The linker found the same symbol defined in more than one object file. A function or variable was defined (not just declared) in a header, or a global lives in two translation units - a One Definition Rule violation.

What this error means

Every object compiles, then the link fails with "multiple definition of <symbol>; first defined here". It often appears after a refactor that moved a definition into a header, or under GCC 10+ which defaults to -fno-common.

ld output
/usr/bin/ld: b.o:(.bss+0x0): multiple definition of `g_counter'; a.o:(.bss+0x0): first defined here
collect2: error: ld returned 1 exit status

Common causes

A definition placed in a header

A non-inline function or a non-inline/non-const global variable defined in a header is compiled into every .cpp that includes it, so the linker sees it defined many times.
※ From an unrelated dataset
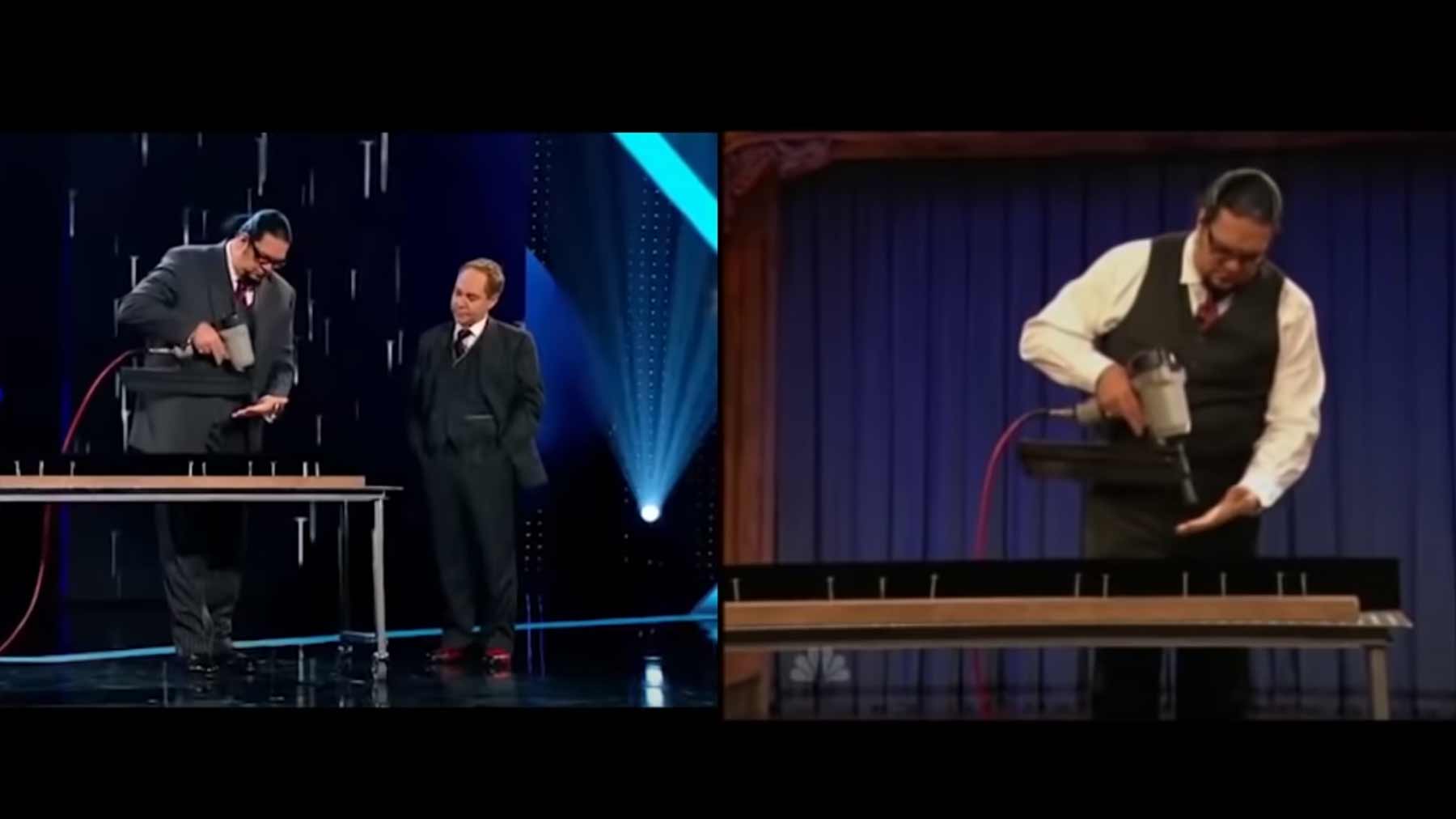 Als Zauberer musst du deine Tricks natürlich tausendfach üben, vor allem, wenn du vor einem Millionenpublikum performst, wie es das TV-bekannte Magie-Duo „Penn & Teller“ oftmals macht. Da spielen sich natürlich gewisse Routinen ein und alles muss perfekt sitzen. Tellerputzer war so fasziniert von der Professionalität der beiden, dass er ein und denselben Zaubertrick aus unterschiedlichen Aufzeichnungen nebeneinander gesetzt hat. Zwar leider etwas verstückelt, aber man kann durchaus erkennen, wie on point der Ablauf ist. Teilweise Wort für Wort.

GCC 10+ -fno-common tentative definitions

A global declared without extern in a header (a tentative definition) used to be merged under the old common model. GCC 10 defaults to -fno-common, so each unit now defines it and the link clashes.

How to fix it

Declare in the header, define once

Keep only an extern declaration in the header and put the single definition in one .cpp.

C++
// counter.h
extern int g_counter;
// counter.cpp
int g_counter = 0;

Mark header definitions inline

  1. For functions/variables that must live in a header, mark them inline (C++17 inline variables) so duplicate definitions are merged.
  2. For globals, use extern in the header and define in exactly one source file.
  3. Do not retry - this is a source/ODR error, not transient.

How to prevent it

  • Put declarations in headers and definitions in a single .cpp.
  • Use inline for header-only functions and variables.
  • Build with -fno-common locally so ODR clashes surface before CI.